Trois figures de l’UdeS reçoivent une distinction française majeure 

Par Frédérique Maysenhoelder 

Le recteur de l’UdeS, Jean-Pierre Perreault, ainsi que Pierre Cossette et Jean Goulet, ont reçu les insignes de chevalier de l’Ordre des Palmes académiques lors d’une cérémonie tenue à l’Université de Sherbrooke le 5 février, en présence du consul général de France à Québec, Éric Lamouroux.

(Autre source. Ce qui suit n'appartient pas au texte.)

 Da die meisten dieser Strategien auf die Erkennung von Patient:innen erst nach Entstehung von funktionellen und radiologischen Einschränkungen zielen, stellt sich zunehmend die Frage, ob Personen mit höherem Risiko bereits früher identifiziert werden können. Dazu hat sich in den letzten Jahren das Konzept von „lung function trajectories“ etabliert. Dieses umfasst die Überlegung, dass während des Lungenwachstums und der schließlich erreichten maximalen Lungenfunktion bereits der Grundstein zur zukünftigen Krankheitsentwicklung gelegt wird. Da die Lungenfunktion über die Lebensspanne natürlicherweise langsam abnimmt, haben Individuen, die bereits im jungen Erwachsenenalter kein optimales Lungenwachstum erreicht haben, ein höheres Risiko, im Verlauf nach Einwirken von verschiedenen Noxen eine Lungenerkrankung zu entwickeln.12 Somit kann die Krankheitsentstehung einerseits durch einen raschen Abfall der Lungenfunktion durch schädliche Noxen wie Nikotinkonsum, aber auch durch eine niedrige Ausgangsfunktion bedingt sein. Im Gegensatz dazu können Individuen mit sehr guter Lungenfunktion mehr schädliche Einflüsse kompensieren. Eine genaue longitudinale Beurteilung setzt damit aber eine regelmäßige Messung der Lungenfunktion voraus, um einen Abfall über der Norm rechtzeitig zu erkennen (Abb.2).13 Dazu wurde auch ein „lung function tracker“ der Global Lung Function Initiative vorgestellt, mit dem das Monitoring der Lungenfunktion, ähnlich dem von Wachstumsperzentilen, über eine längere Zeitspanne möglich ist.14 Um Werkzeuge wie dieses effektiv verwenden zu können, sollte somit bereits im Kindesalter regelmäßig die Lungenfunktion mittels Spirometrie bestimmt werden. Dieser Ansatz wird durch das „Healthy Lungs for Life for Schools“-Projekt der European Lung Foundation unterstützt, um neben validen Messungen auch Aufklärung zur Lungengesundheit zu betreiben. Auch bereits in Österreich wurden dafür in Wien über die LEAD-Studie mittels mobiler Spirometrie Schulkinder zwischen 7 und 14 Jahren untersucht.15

Le 5 février dernier, l’Université de Sherbrooke (UdeS) a été le théâtre d’une cérémonie empreinte d’émotion et de fierté. À cette occasion, le consul général de France à Québec, Éric Lamouroux, a officiellement nommé Jean-Pierre Perreault, Pierre Cossette et Jean Goulet au grade de chevalier de l’Ordre des Palmes académiques, l’une des plus anciennes et prestigieuses distinctions civiles françaises.  

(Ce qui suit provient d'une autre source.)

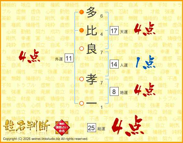 多比良孝一さんの天運は17画の4点!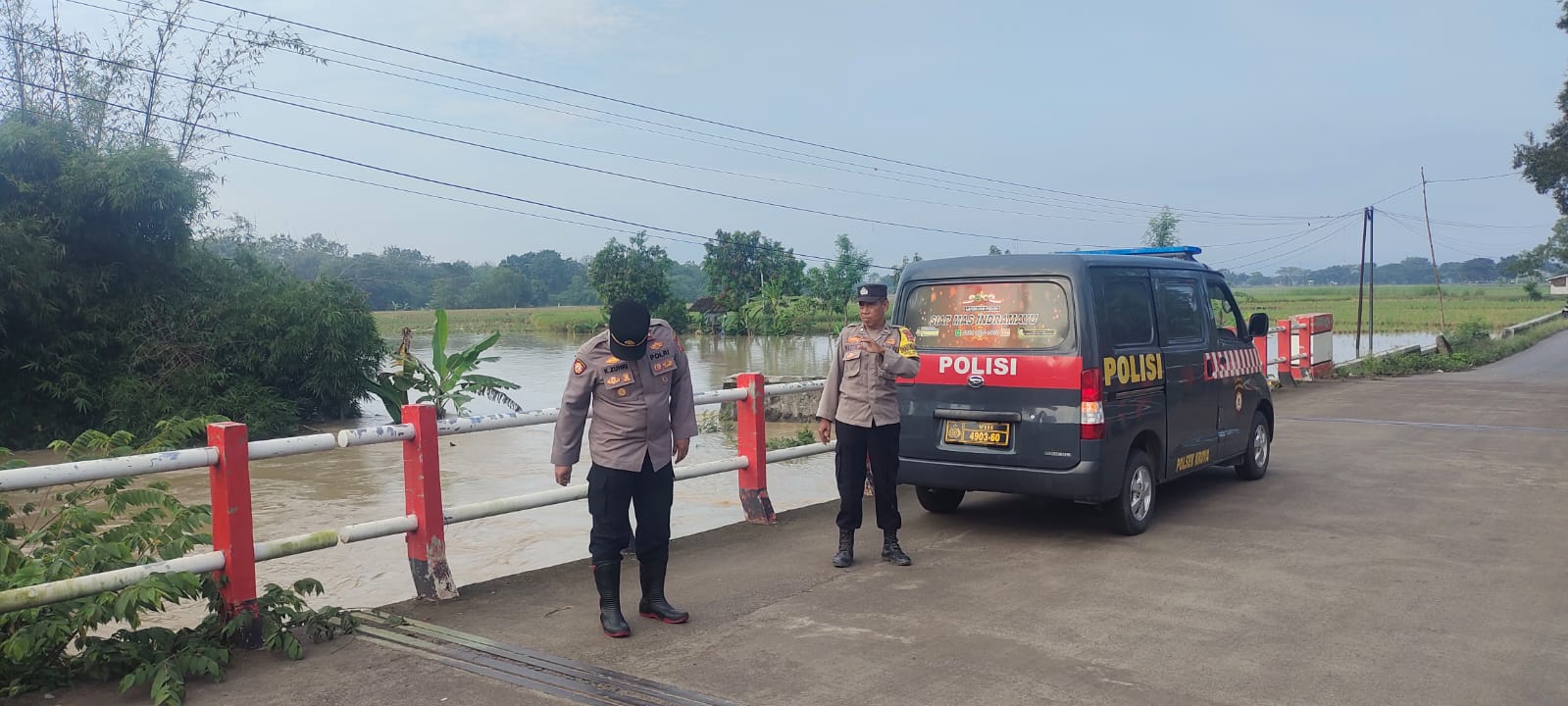 Indramayu – Kepolisian Sektor (Polsek) Kroya Polres Indramayu Polda Jawa Barat, melakukan pemantauan dan pengecekan terhadap debit air sungai yang meluap ke pemukiman dan jalan desa akibat tingginya curah hujan di wilayah Kecamatan Kroya, Kabupaten Indramayu.

Créé au 19e siècle par Napoléon Bonaparte, cet ordre honorifique vise à reconnaître les personnes qui contribuent de manière exceptionnelle à l’enseignement, à la transmission du savoir et au rayonnement de la culture. 

Cette triple distinction, rarissime pour une même université, marque une étape importante dans l’histoire des relations entre l’UdeS et la France. Elle vient souligner non seulement l’engagement remarquable des trois récipiendaires, mais aussi la vitalité des coopérations scientifiques et universitaires qui se sont intensifiées au fil des dernières années. Comme l’a mentionné le consul général lors de son allocution, ces trois médailles reconnaissent le parcours exceptionnel de responsables éminents de l’Université de Sherbrooke tout en mettant en lumière la solidité des liens franco-québécois qui unissent les deux partenaires.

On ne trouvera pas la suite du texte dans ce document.